### GIVEN MATERIAL:
>>>>

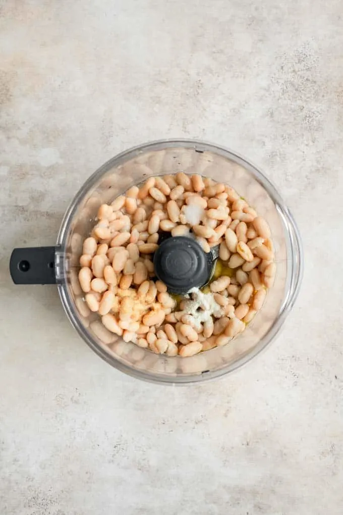 - In a food processor combine the beans, 2 tablespoons of olive oil, lemon juice, onion powder, garlic powder, and salt. Process until smooth, adding cold water, aquafaba, or more olive oil to thin if needed. Let it process for several minute, pausing to scrape down a few times. Taste and adjust salt and lemon juice if needed.
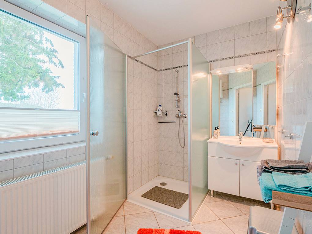Haus: Gepflegtes Haus mit einer Ferienwohnung mit überdachter Terrasse, 2021 neu renoviert. Moderne, geschmackvolle Einrichtung. Gemütliches Ambiente mit holzbefeuertem Kachelofen. Internet über W-Lan. Waschmaschine. Gas-Zentralheizung. Schöner, naturbelassener Garten mit altem Baumbestand. Große, überdachte Terrasse mit Sitz- und Liegemöbeln, Grill. 1 Pkw-Stellplatz vorhanden.
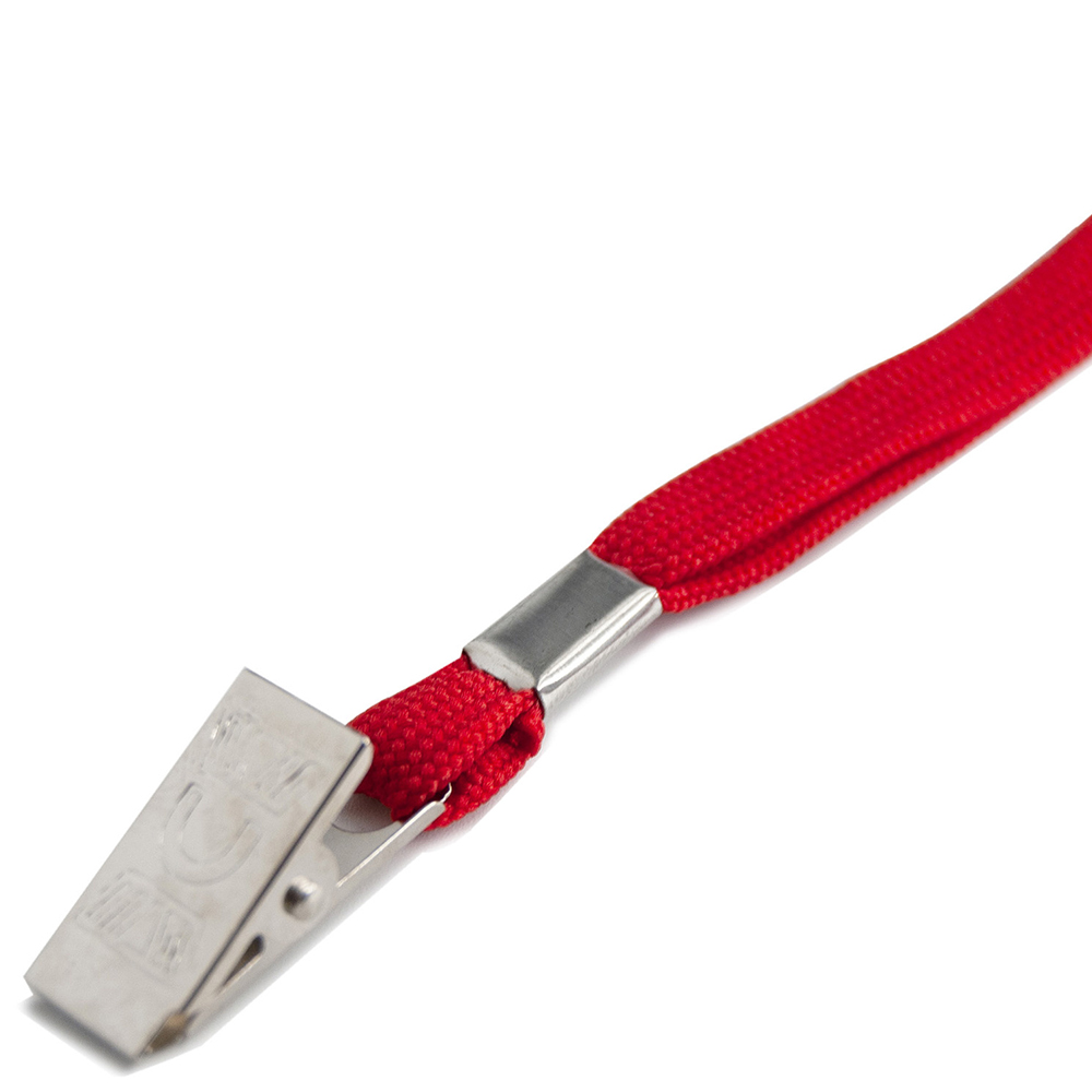 Каждый ремешок выполнен из прочного текстильного материала яркого красного цвета и оснащён удобным пластиковым клипом, который надёжно фиксируется на бейджах с отверстиями или зажимами. Длина стандартная — около 45 см, что обеспечивает комфортное ношение на шее.
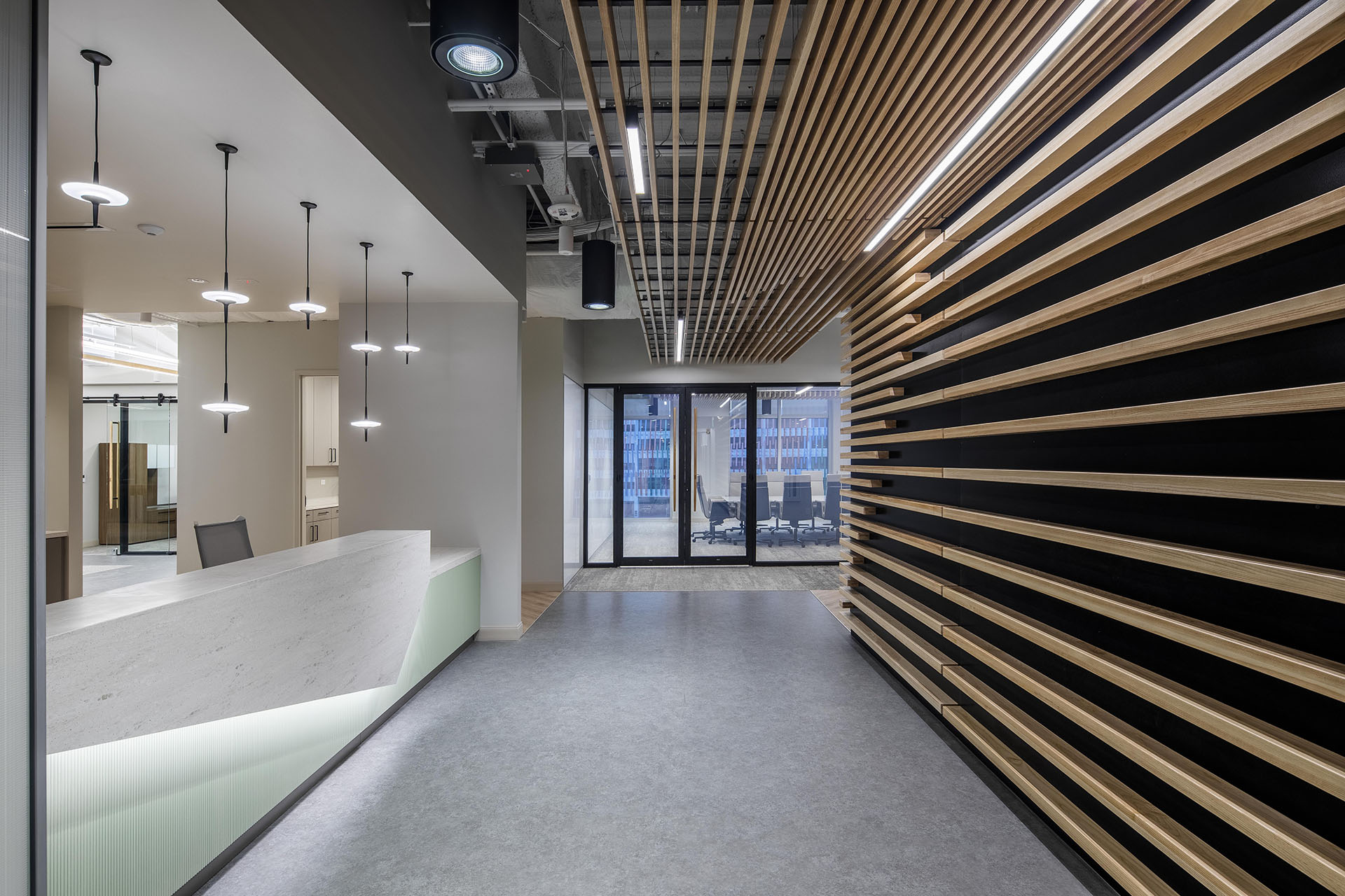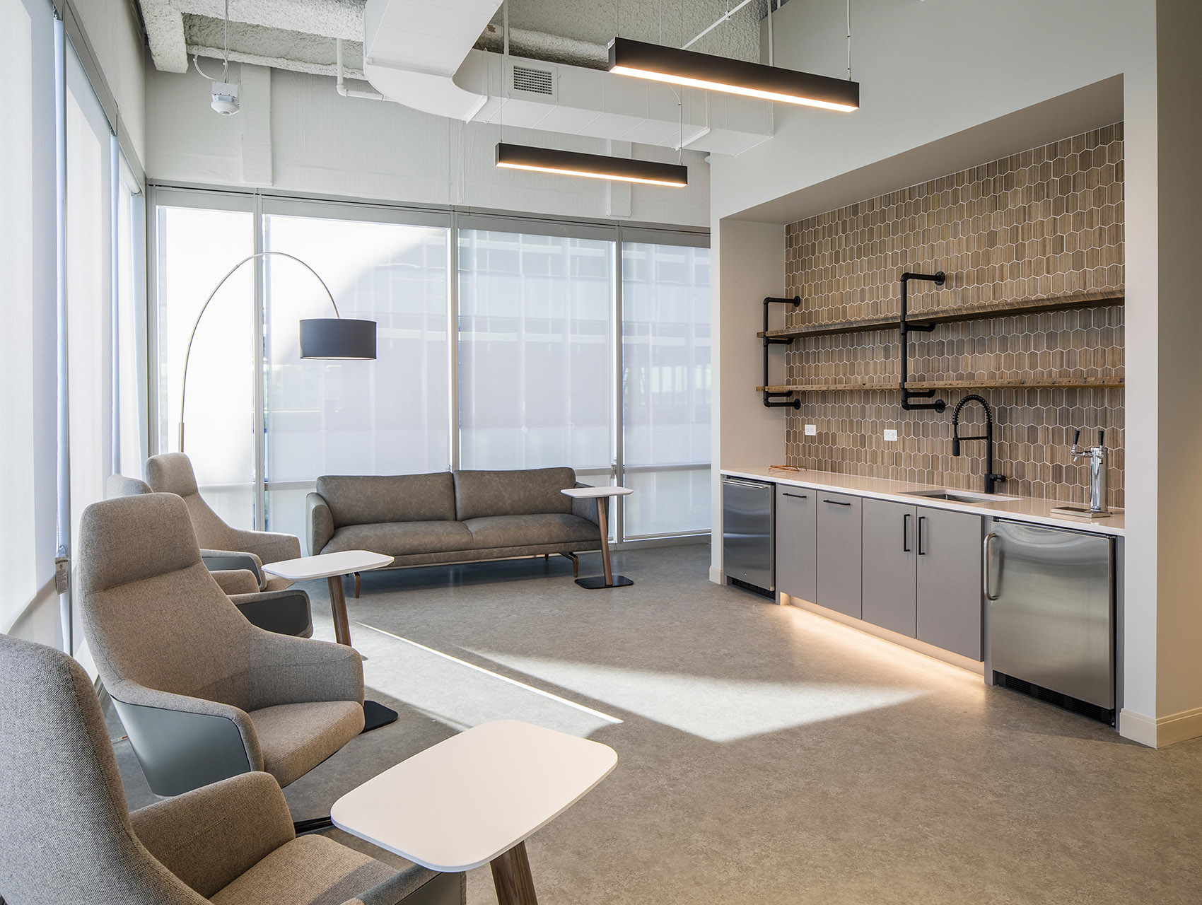 Walking into the 32,000 square foot office space, you are welcomed by a prominent wood feature that runs up the walls, and onto the ceiling overhead. This element connects and unifies the communal areas including the employee café, the executive boardroom, to the entry and reception area. The ash wood feature pays tribute to the Ames companies original branded product- the Ames shovel. Touches of ash wood are incorporated throughout the entire office and can be seen in the floor finish, millwork, lighting, and shovel handles as door hardware pulls. The secondary material palette is natural, warm, and is consistent with rectified textures and patterns. Ames is well known for outdoor and indoor home products, and their office space proudly showcases these products such as their ClosetMaid systems and millwork finishes.

<<<<

### TASK DESCRIPTION:
The data must come back word for word, with every picture removed.

### SOLUTION FOR THIS PROBLEM:
 - In a food processor combine the beans, 2 tablespoons of olive oil, lemon juice, onion powder, garlic powder, and salt. Process until smooth, adding cold water, aquafaba, or more olive oil to thin if needed. Let it process for several minute, pausing to scrape down a few times. Taste and adjust salt and lemon juice if needed.
Haus: Gepflegtes Haus mit einer Ferienwohnung mit überdachter Terrasse, 2021 neu renoviert. Moderne, geschmackvolle Einrichtung. Gemütliches Ambiente mit holzbefeuertem Kachelofen. Internet über W-Lan. Waschmaschine. Gas-Zentralheizung. Schöner, naturbelassener Garten mit altem Baumbestand. Große, überdachte Terrasse mit Sitz- und Liegemöbeln, Grill. 1 Pkw-Stellplatz vorhanden.
 Каждый ремешок выполнен из прочного текстильного материала яркого красного цвета и оснащён удобным пластиковым клипом, который надёжно фиксируется на бейджах с отверстиями или зажимами. Длина стандартная — около 45 см, что обеспечивает комфортное ношение на шее.
 Walking into the 32,000 square foot office space, you are welcomed by a prominent wood feature that runs up the walls, and onto the ceiling overhead. This element connects and unifies the communal areas including the employee café, the executive boardroom, to the entry and reception area. The ash wood feature pays tribute to the Ames companies original branded product- the Ames shovel. Touches of ash wood are incorporated throughout the entire office and can be seen in the floor finish, millwork, lighting, and shovel handles as door hardware pulls. The secondary material palette is natural, warm, and is consistent with rectified textures and patterns. Ames is well known for outdoor and indoor home products, and their office space proudly showcases these products such as their ClosetMaid systems and millwork finishes.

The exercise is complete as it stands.